= Exercise directions =
An exact transcription of each entry below is required, without any pictures.

Records from a dataset:
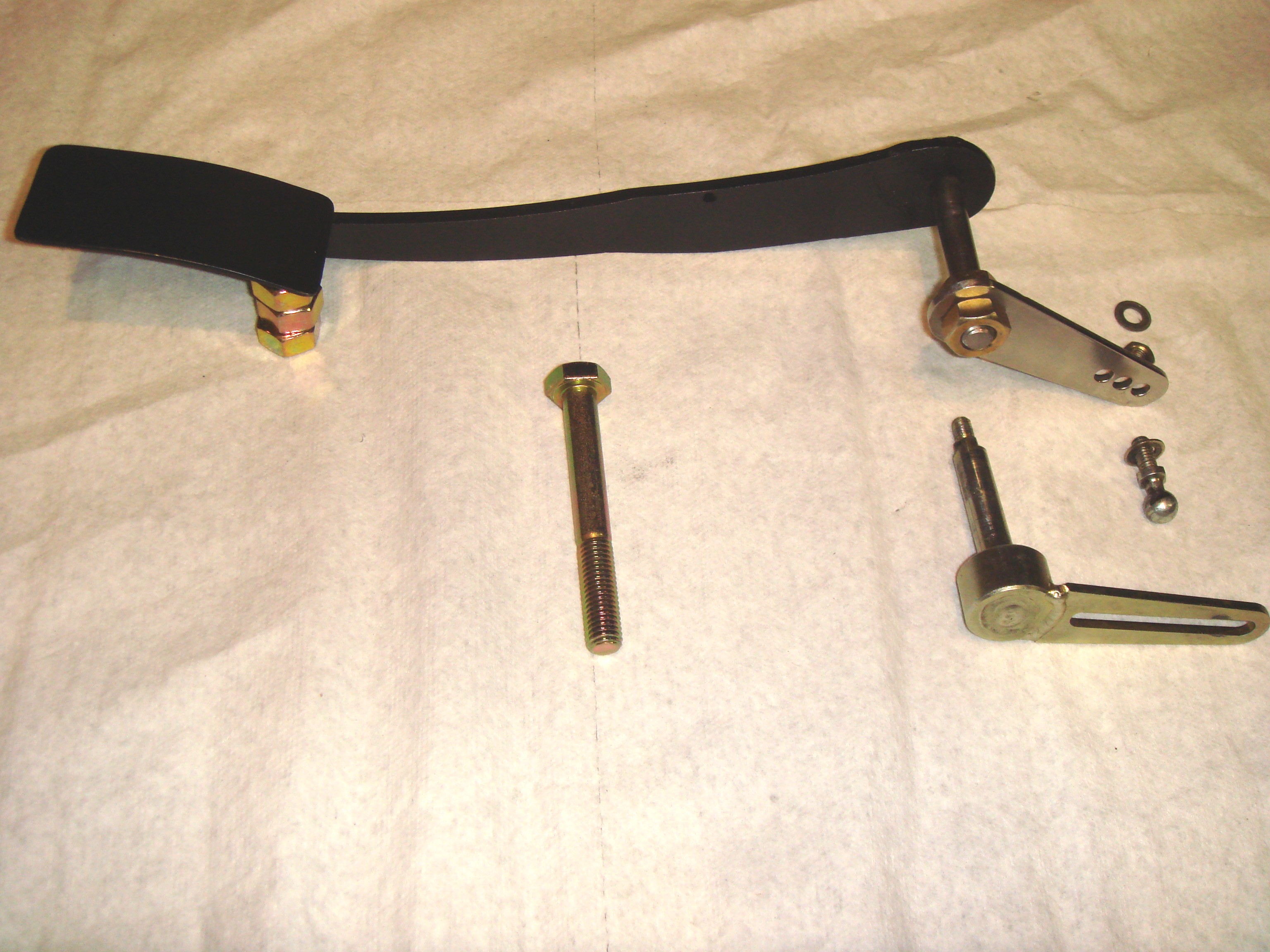 Connect the throttle lever ball stud into the center lever hole. The top and bottom hole are provided for additional adjust ability, but should not be required.
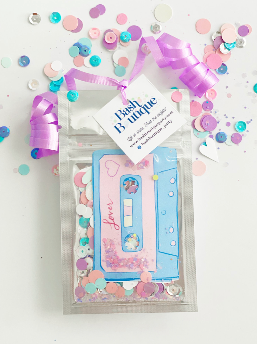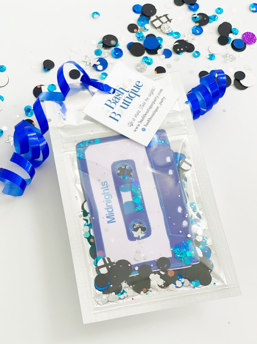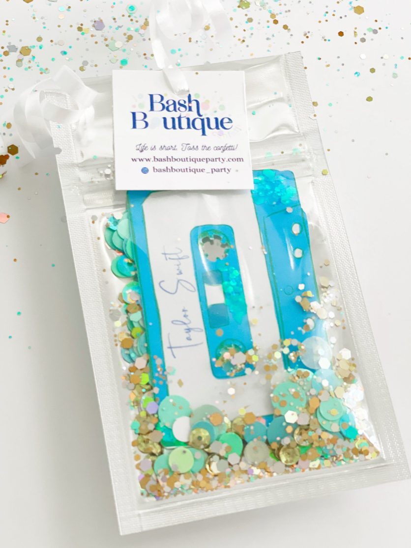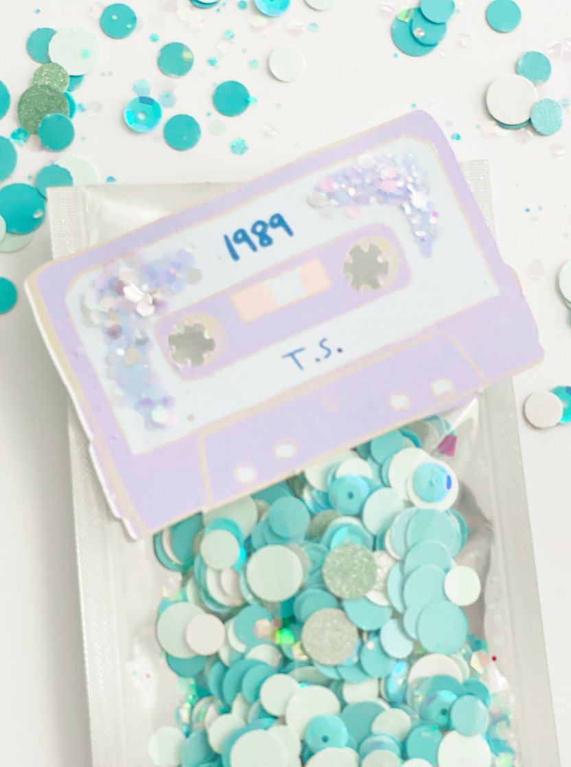 “There’s glitter on the floor after the party.” The Eras Tour Solids Confetti Collection is here! “Bedazzled” with an Eras Confetti Cassette Tape Accent to match each mix. The listing is for one bag of confetti and one cassette tape. Please choose which Era you would like to purchase at checkout.
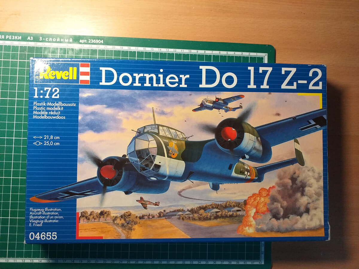 Доброго дня всем читателям и подписчикам моего канала! Сегодня в нашем обзоре - модель немецкого бомбардировщика Dornier Do-17 Z-2 от немецкой же фирмы Revell. Модель досталась мне в довольно потрёпанной, но всё так же приятной на ощупь коробке из глянцевого картона, на лицевой стороне которой - красочное цветное изображение прототипа бомбардировщика. Внутри коробки - полиэтиленовый пакет с литниками. Сразу бросается в глаза достаточно тонкий и из-за этого довольно хрупкий пластик, из которого отлиты детали модели, в связи с чем они требуют повышенной осторожности при обращении с ними. Расшивка на модели - наружная, вероятнее всего, в силу уже не молодого возраста модели. Судя по инструкции, модель выпущена в далеком 2011 году. Необходимо отметить, что инструкция отпечатана достаточно подробно и качественно, а среди прочих языков, на которых нам даётся описание, присутствует и русский! Отдельного внимания заслуживают две пары деталей, отлитых очень качественно и высоко
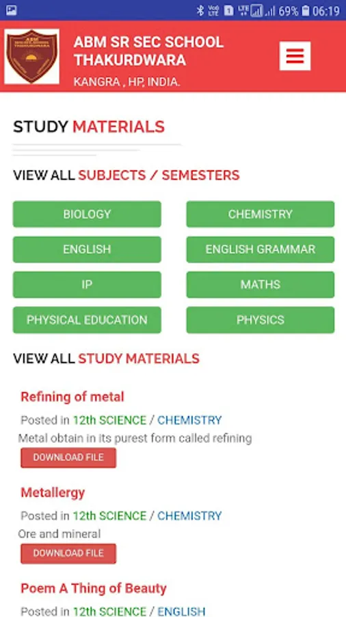 ABM is a co-educational. English medium HPBOSE affiliated school. It is located at Thakurdwara. 5 kms from Palampur on Pathankot Manali Highway. Established in 1981. Quality education is the primary concern of the management. The campus according to the requirement is also expanding every year. The school possesses all the infrastructure and facilities necessary for a modern academic institution. Apart from the concrete structure. the school also preserves lush green environs.
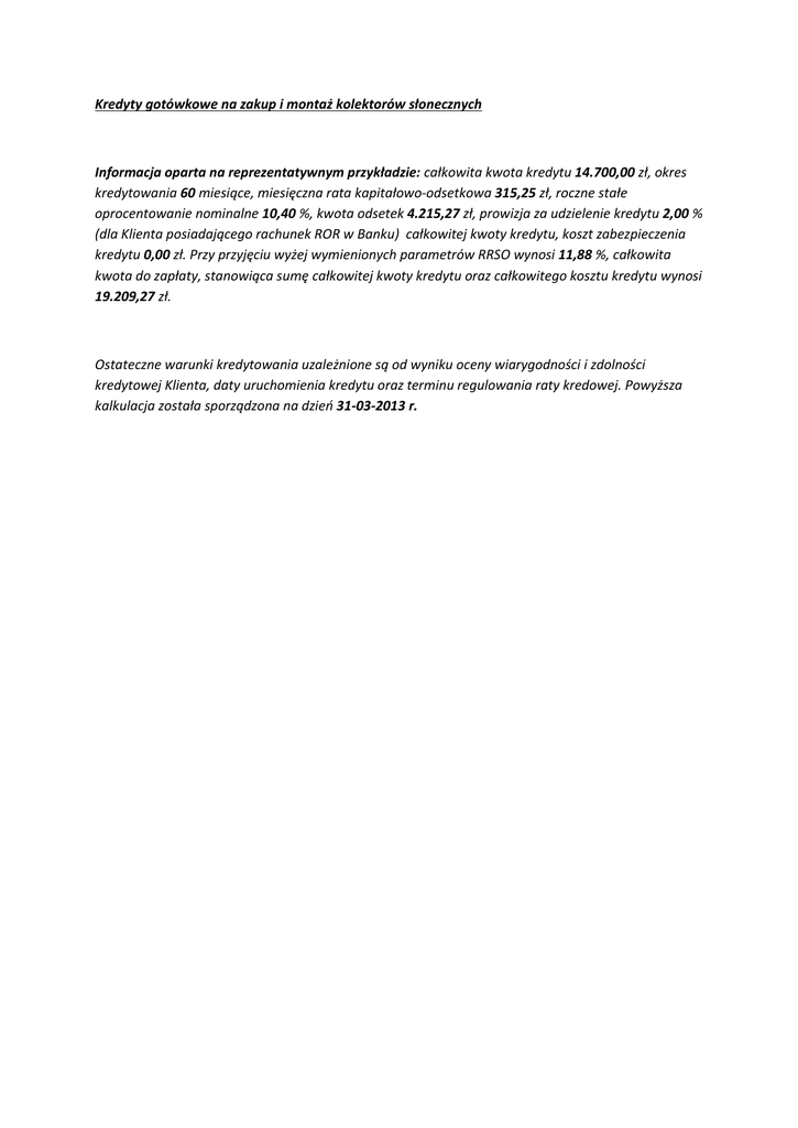 Kredyty gotówkowe na zakup i montaż kolektorów słonecznych Informacja oparta na reprezentatywnym przykładzie: całkowita kwota kredytu 14.700,00 zł, okres kredytowania 60 miesiące, miesięczna rata kapitałowo-odsetkowa 315,25 zł, roczne stałe oprocentowanie nominalne 10,40 %, kwota odsetek 4.215,27 zł, prowizja za udzielenie kredytu 2,00 % (dla Klienta posiadającego rachunek ROR w Banku) całkowitej kwoty kredytu, koszt zabezpieczenia kredytu 0,00 zł. Przy przyjęciu wyżej wymienionych parametrów RRSO wynosi 11,88 %, całkowita kwota do zapłaty, stanowiąca sumę całkowitej kwoty kredytu oraz całkowitego kosztu kredytu wynosi 19.209,27 zł. Ostateczne warunki kredytowania uzależnione są od wyniku oceny wiarygodności i zdolności kredytowej Klienta, daty uruchomienia kredytu oraz terminu regulowania raty kredowej. Powyższa kalkulacja została sporządzona na dzieo 31-03-2013 r.

= Result of this exercise =
 Connect the throttle lever ball stud into the center lever hole. The top and bottom hole are provided for additional adjust ability, but should not be required.
 “There’s glitter on the floor after the party.” The Eras Tour Solids Confetti Collection is here! “Bedazzled” with an Eras Confetti Cassette Tape Accent to match each mix. The listing is for one bag of confetti and one cassette tape. Please choose which Era you would like to purchase at checkout.
 Доброго дня всем читателям и подписчикам моего канала! Сегодня в нашем обзоре - модель немецкого бомбардировщика Dornier Do-17 Z-2 от немецкой же фирмы Revell. Модель досталась мне в довольно потрёпанной, но всё так же приятной на ощупь коробке из глянцевого картона, на лицевой стороне которой - красочное цветное изображение прототипа бомбардировщика. Внутри коробки - полиэтиленовый пакет с литниками. Сразу бросается в глаза достаточно тонкий и из-за этого довольно хрупкий пластик, из которого отлиты детали модели, в связи с чем они требуют повышенной осторожности при обращении с ними. Расшивка на модели - наружная, вероятнее всего, в силу уже не молодого возраста модели. Судя по инструкции, модель выпущена в далеком 2011 году. Необходимо отметить, что инструкция отпечатана достаточно подробно и качественно, а среди прочих языков, на которых нам даётся описание, присутствует и русский! Отдельного внимания заслуживают две пары деталей, отлитых очень качественно и высоко
 ABM is a co-educational. English medium HPBOSE affiliated school. It is located at Thakurdwara. 5 kms from Palampur on Pathankot Manali Highway. Established in 1981. Quality education is the primary concern of the management. The campus according to the requirement is also expanding every year. The school possesses all the infrastructure and facilities necessary for a modern academic institution. Apart from the concrete structure. the school also preserves lush green environs.
 Kredyty gotówkowe na zakup i montaż kolektorów słonecznych Informacja oparta na reprezentatywnym przykładzie: całkowita kwota kredytu 14.700,00 zł, okres kredytowania 60 miesiące, miesięczna rata kapitałowo-odsetkowa 315,25 zł, roczne stałe oprocentowanie nominalne 10,40 %, kwota odsetek 4.215,27 zł, prowizja za udzielenie kredytu 2,00 % (dla Klienta posiadającego rachunek ROR w Banku) całkowitej kwoty kredytu, koszt zabezpieczenia kredytu 0,00 zł. Przy przyjęciu wyżej wymienionych parametrów RRSO wynosi 11,88 %, całkowita kwota do zapłaty, stanowiąca sumę całkowitej kwoty kredytu oraz całkowitego kosztu kredytu wynosi 19.209,27 zł. Ostateczne warunki kredytowania uzależnione są od wyniku oceny wiarygodności i zdolności kredytowej Klienta, daty uruchomienia kredytu oraz terminu regulowania raty kredowej. Powyższa kalkulacja została sporządzona na dzieo 31-03-2013 r.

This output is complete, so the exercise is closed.